Memory, missing people and justice

Before the 2016 evacuation, activists photographed graves in the Cemetery of the Martyrs and removed headstones to prevent desecration. Those records allowed teams to reinstall 421 new gravestones for named victims. Opposite the memorial plot lie mass graves for many of the estimated 700 people killed in the August 2012 massacre.

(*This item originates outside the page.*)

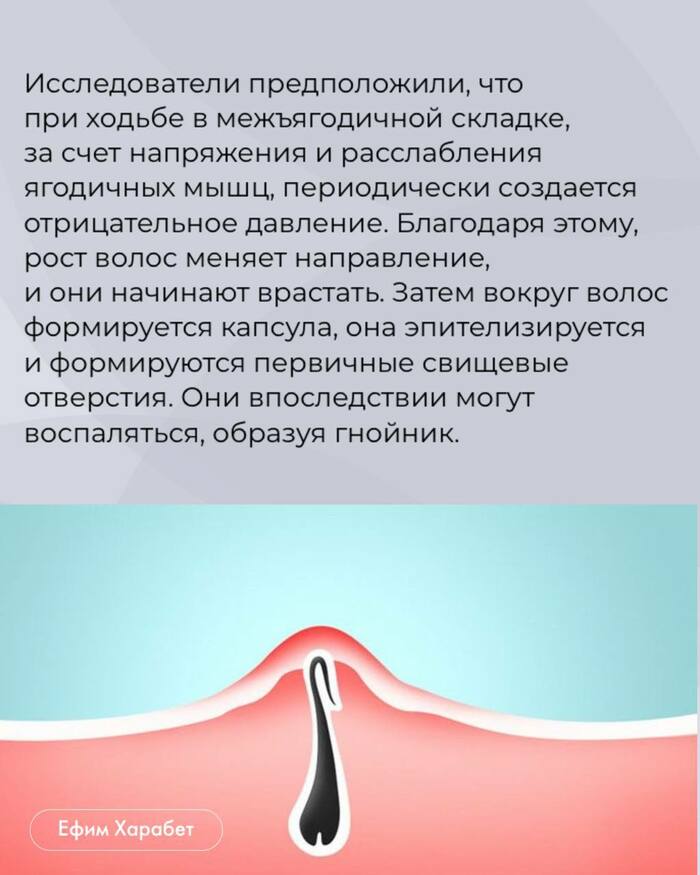 Обнаружил я эту штуку 6 лет назад. Было похоже на прыщ между ягодиц. Пошел в поликлинику. Там врач осмотрела меня и направила на консультацию в больницу. В больнице доктор сказал, что это киста. Но так как она меня не беспокоила, решили ее не трогать.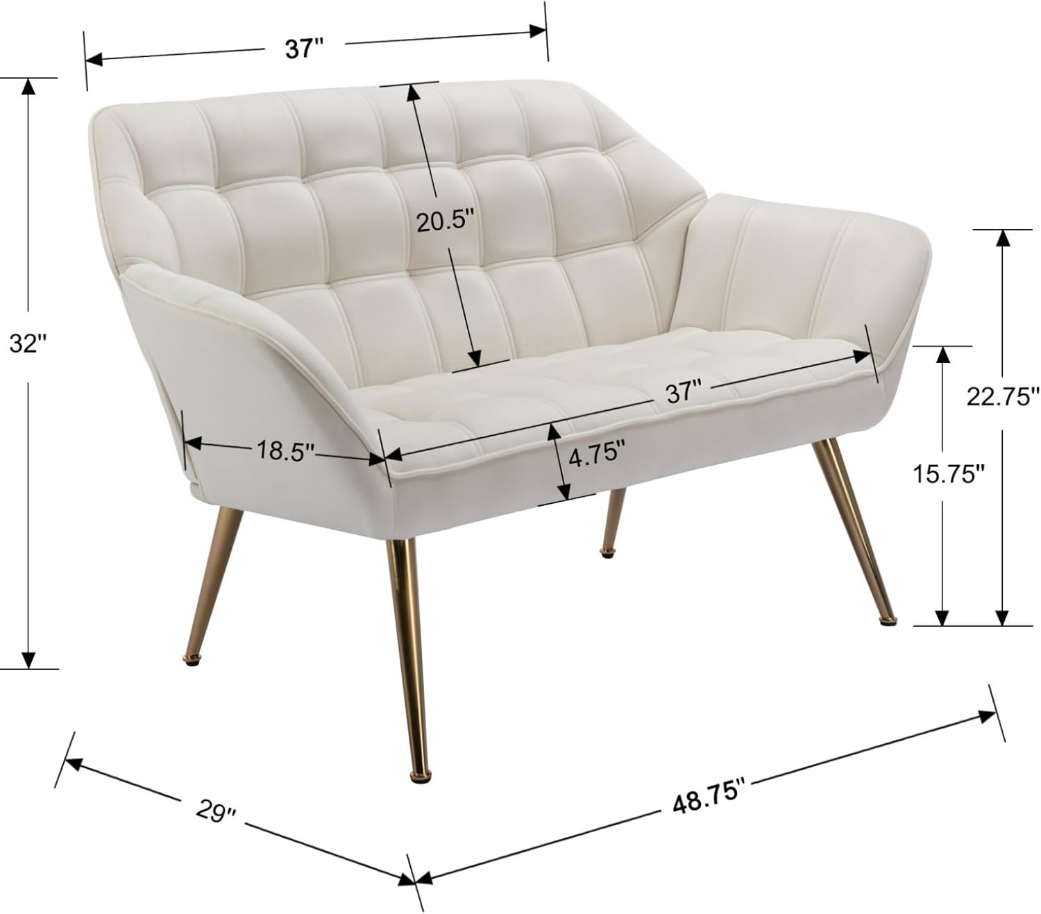 48”Small Loveseat Sofa, Modern Velvet Upholstered Mini Couch 2-Seater Fluffy Love Seat with Quilting Backs and Metal Legs for Small Space Living Room, Bedroom, Beige

Amneh Khoulani, a member of the National Commission for the Missing, has searched for relatives who disappeared; three of her brothers were arrested and never seen again. A photo of one brother later surfaced among leaked images documenting deaths in detention. Khoulani divides her time between Britain and Syria and has spoken at international forums seeking justice. At the cemetery, photos of the missing hang from strings and a banner declares: "They are not numbers." Shorba has painted a new mural there — a child picking roses for a father with no known grave — a poignant symbol of a city's struggle to restore dignity to the dead and life to survivors.

Looking ahead

Daraya's revival remains fragile. Rebuilding homes and restoring services will require skilled labor, money, legal documents and local coordination — much of which residents are trying to provide themselves. While independent media and civil society seek to protect memory and maintain civic space, the practical challenges of repairing infrastructure, reviving hospitals and schools, and addressing psychological trauma are immense.

Still, the determination of returnees — artists, medics, teachers, carpenters and council volunteers — signals a community intent on reclaiming its future. In Daraya, small victories such as a surviving mural or the reopening of a workshop can carry outsized meaning for a city trying to rebuild from the ruins.